=== Data records ===

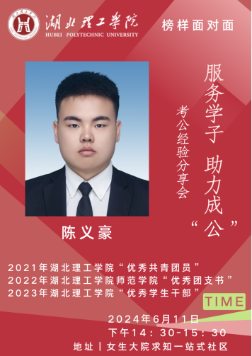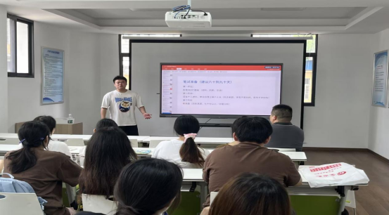 陈义豪针对国家公务员考试、事业编考试等相关内容,分享了自己的备考经验和面试技巧,详细介绍了笔试中行测的题型、申论的考察侧重点、面试的解答技巧和方法,指出要把握自己应届生的身份及利用政策优势来选择适合自己的方向,并建议同学们在备考前要做好时间安排。面对同学们对于备考安排的疑惑,陈义豪提出要紧紧把握机会,抱着一次上岸的决心好好复习,同时也要作好时间安排。
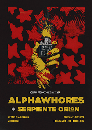 Evento: ALPHAWHORES + SERPIENTE ORION Bandas: AlphaWhores + Serpiente Orion Fecha: 6 marzo 2026 Entradas: aquí Sala: Revi Space
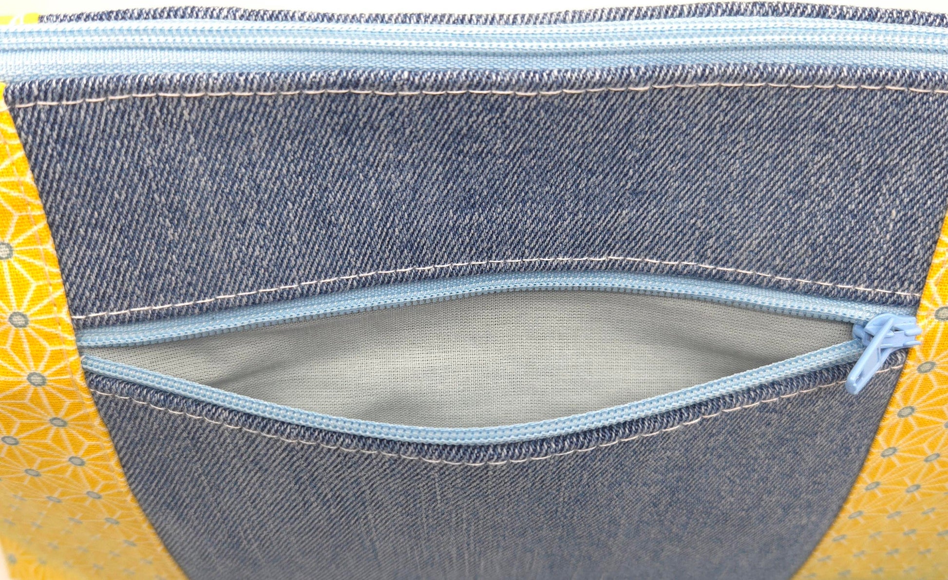 Sac à main avec une partie centrale en denim bleu et les côtés en coton décoré de motifs jaunes et bleus. La sangle et la doublure sont bleues.
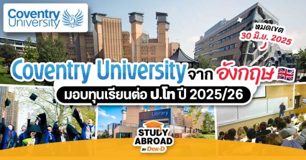 สวัสดีชาว Dek-D ทุกคนค่าา~ สำหรับน้องๆ ที่สนใจเรียนต่ออังกฤษในปี 2026 ล่าสุด ‘Coventry University’ มหาวิทยาลัยเก่าแก่ของอังกฤษ กำลังเปิดรับสมัครนักศึกษา ป.โท หลากหลายสาขา พร้อมมีทุนส่วนลดมอบให้นักเรียนต่างชาติ ซึ่งตอนนี้ก็เข้าสู่โค้งสุดท้ายของการสมัครแล้วค่ะ ใครไม่อยากพลาดโอกาสเรียนต่อมหา’ลัยคุณภาพ มีบรรยากาศที่รายล้อมไปด้วยประวัติศาสตร์ และค่าครองชีพไม่แพงเท่าเมืองใหญ่ๆ รีบเลื่อนลงมาเช็กรายละเอียดกันเลย!
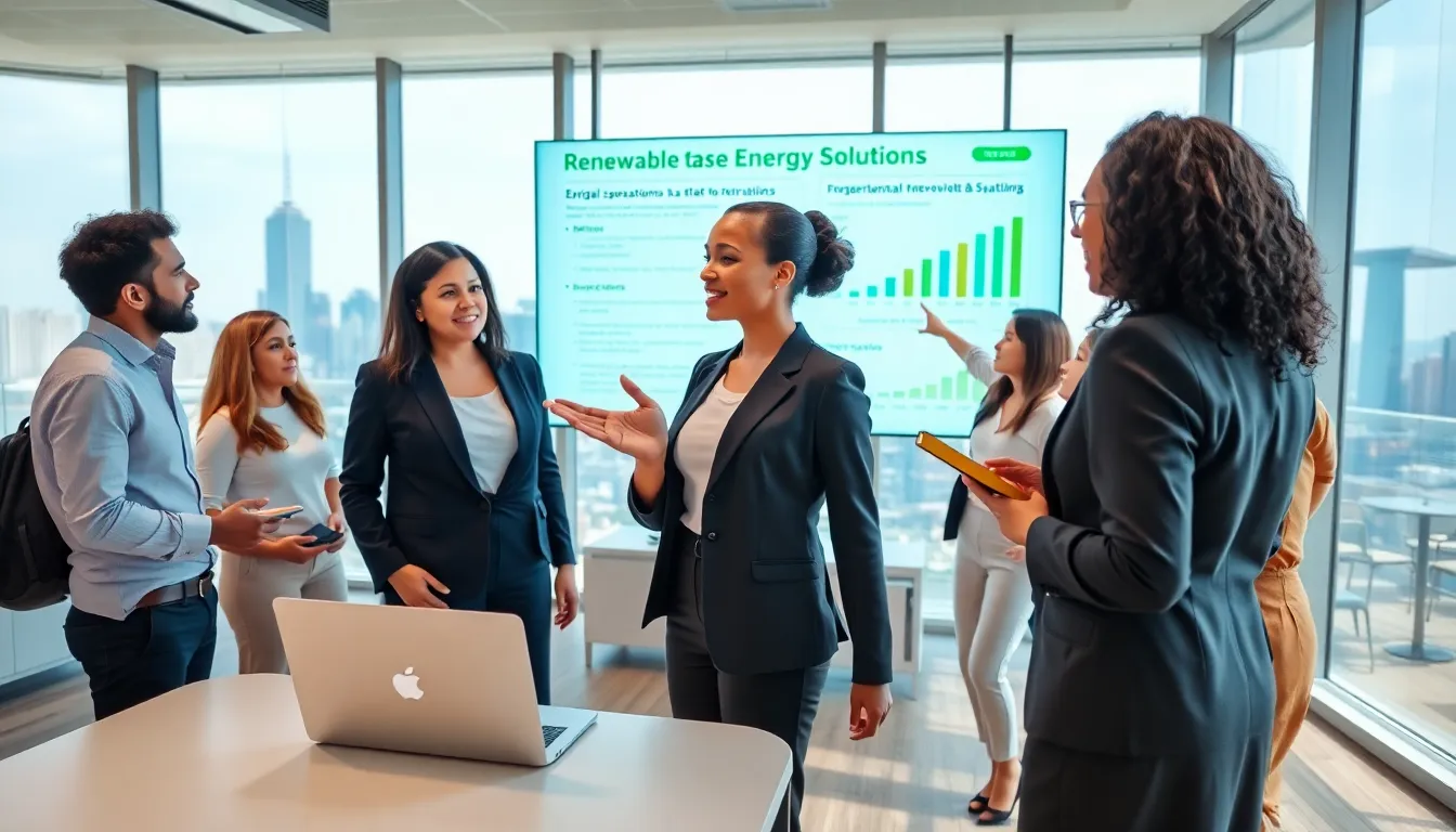 diverse team discussing sustainable energy solutions in a modern office.
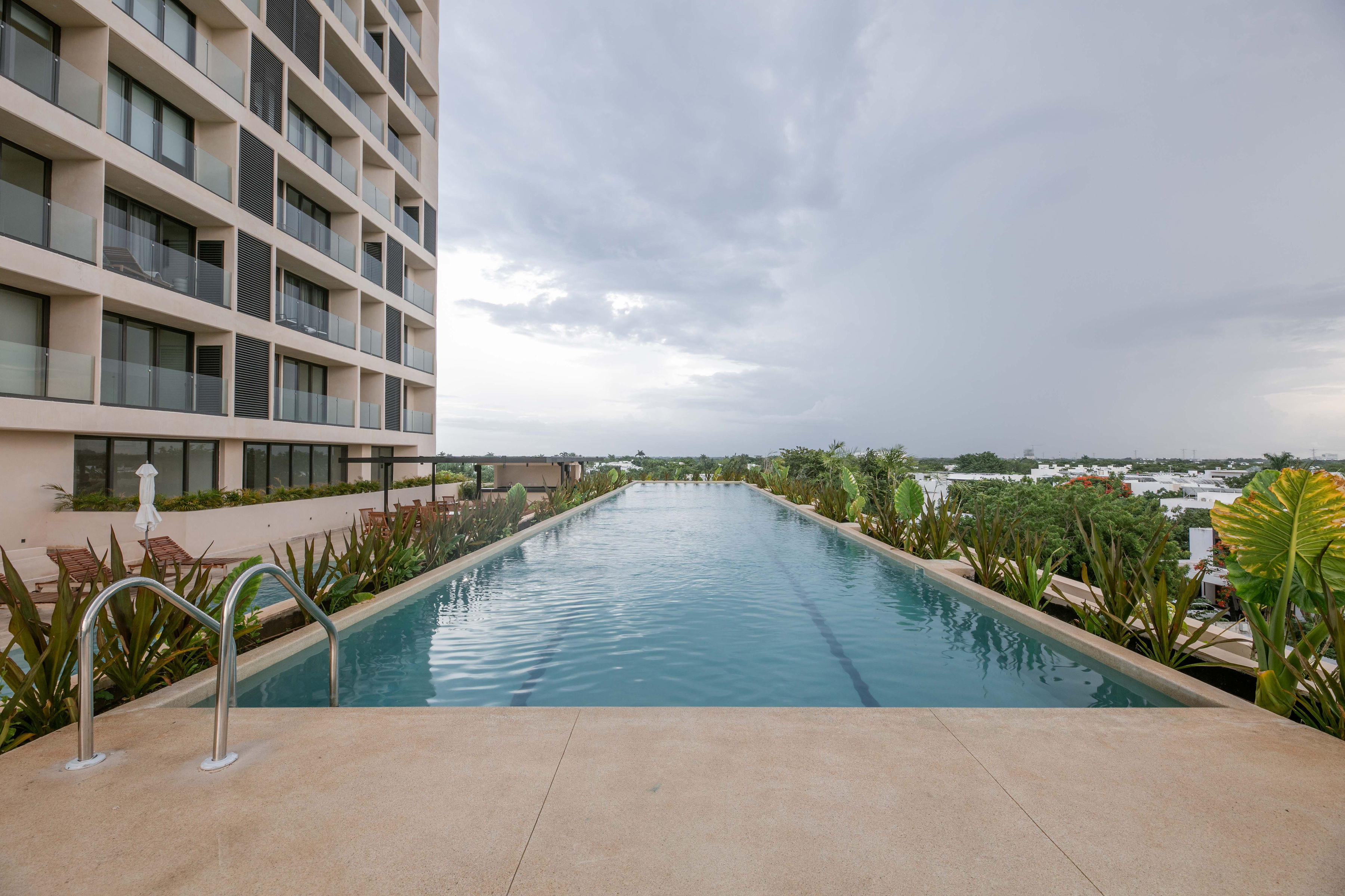 ->Nos encontramos colando el nivel 12 de la torre sur. Estamos realizando pruebas de hermeticidad en el carril de nado, con esto podremos garantizar que no exista ninguna filtración. Cada vez podrán ver una mayor cantidad de puentes que conectan una torre con la otra y se vuelven parte fundamental de nuestro icónico edificio. ¡Nuestro departamento muestra está listo!

===

About this task: Every last line above must be reproduced as written, and no pictures belong in the copy.

Response to this task:
 陈义豪针对国家公务员考试、事业编考试等相关内容,分享了自己的备考经验和面试技巧,详细介绍了笔试中行测的题型、申论的考察侧重点、面试的解答技巧和方法,指出要把握自己应届生的身份及利用政策优势来选择适合自己的方向,并建议同学们在备考前要做好时间安排。面对同学们对于备考安排的疑惑,陈义豪提出要紧紧把握机会,抱着一次上岸的决心好好复习,同时也要作好时间安排。
 Evento: ALPHAWHORES + SERPIENTE ORION Bandas: AlphaWhores + Serpiente Orion Fecha: 6 marzo 2026 Entradas: aquí Sala: Revi Space
 Sac à main avec une partie centrale en denim bleu et les côtés en coton décoré de motifs jaunes et bleus. La sangle et la doublure sont bleues.
 สวัสดีชาว Dek-D ทุกคนค่าา~ สำหรับน้องๆ ที่สนใจเรียนต่ออังกฤษในปี 2026 ล่าสุด ‘Coventry University’ มหาวิทยาลัยเก่าแก่ของอังกฤษ กำลังเปิดรับสมัครนักศึกษา ป.โท หลากหลายสาขา พร้อมมีทุนส่วนลดมอบให้นักเรียนต่างชาติ ซึ่งตอนนี้ก็เข้าสู่โค้งสุดท้ายของการสมัครแล้วค่ะ ใครไม่อยากพลาดโอกาสเรียนต่อมหา’ลัยคุณภาพ มีบรรยากาศที่รายล้อมไปด้วยประวัติศาสตร์ และค่าครองชีพไม่แพงเท่าเมืองใหญ่ๆ รีบเลื่อนลงมาเช็กรายละเอียดกันเลย!
 diverse team discussing sustainable energy solutions in a modern office.
 ->Nos encontramos colando el nivel 12 de la torre sur. Estamos realizando pruebas de hermeticidad en el carril de nado, con esto podremos garantizar que no exista ninguna filtración. Cada vez podrán ver una mayor cantidad de puentes que conectan una torre con la otra y se vuelven parte fundamental de nuestro icónico edificio. ¡Nuestro departamento muestra está listo!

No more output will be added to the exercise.